Crawford’s testimony/opinion and the scientific/

medical evidence and literature from which she

extrapolates it is too great.

Id. at 32.

The Court of Appeals wasted no time in rebuking the trial court’s “logic” and usurpation of the jury’s role as to this expert:

The trial court’s opinion perhaps would have

been appropriate had the trial court been sitting as

the trier of fact. However, the trial court went well

beyond her gatekeeping function and, instead of

determining whether Crawford could offer an opinion

on causation, the trial court actually resolved the

issue of causation. No doubt the trial court was

encouraged by defendants, who were also functioning

under an erroneous view of plaintiff’s burden and

the trial court’s gatekeeping function… [P]laintiff’s

burden at the Daubert hearing was to show that Crawford

was qualified to render an opinion on causation and

that her opinion was reliable and relevant. Such an

inquiry must focus on principles and methodology,

not the conclusions they generate.”

Daubert, 509 U.S. at 594–595(emphasis added.)

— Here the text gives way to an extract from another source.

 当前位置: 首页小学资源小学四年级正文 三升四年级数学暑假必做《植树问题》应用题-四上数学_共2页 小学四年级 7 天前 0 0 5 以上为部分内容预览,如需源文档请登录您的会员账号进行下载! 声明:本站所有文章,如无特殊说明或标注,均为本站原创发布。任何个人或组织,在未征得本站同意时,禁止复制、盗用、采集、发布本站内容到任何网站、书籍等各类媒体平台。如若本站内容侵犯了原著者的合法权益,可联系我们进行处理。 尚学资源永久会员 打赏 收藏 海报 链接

The trial court failed to heed Chapin’s admonishment

that, as gatekeeper, the trial court’s analysis must

not hinge on discovering absolute truth or resolving

genuine scientific disputes. Chapin, 274 Mich.App

at 139. Although the trial court repeatedly stated that

it was aware of its role to not seek absolute truth behind

the science, the record reveals that it simply failed to

heed its own warning.

Id. at 32-33. And:

Particularly glaring is the trial court’s failure

to refer to Crawford’s Daubert testimony in its

opinion and order. Crawford explained that no

single article supported her theory, but that the sum

of all the articles supported her conclusion that

injudicious use of Pitocin, compounded by the other

factors at birth, resulted in compression of

plaintiff’s head and lack of blood flow to the brain,

or ischemia.The trial court also completely

ignored that Crawford’s opinion was based, not

only on the literature provided, but on her own

extensive professional experience.

Id. at 33. And so there you have it.

I intend to come back to this opinion in the near future and share with you some of my observations regarding the courts’ approach to the plaintiff’s expert testimony on potential future earnings and home health aide costs. But for now — food for thought on the critical legal standards and factual complexities we confront in these types of cases.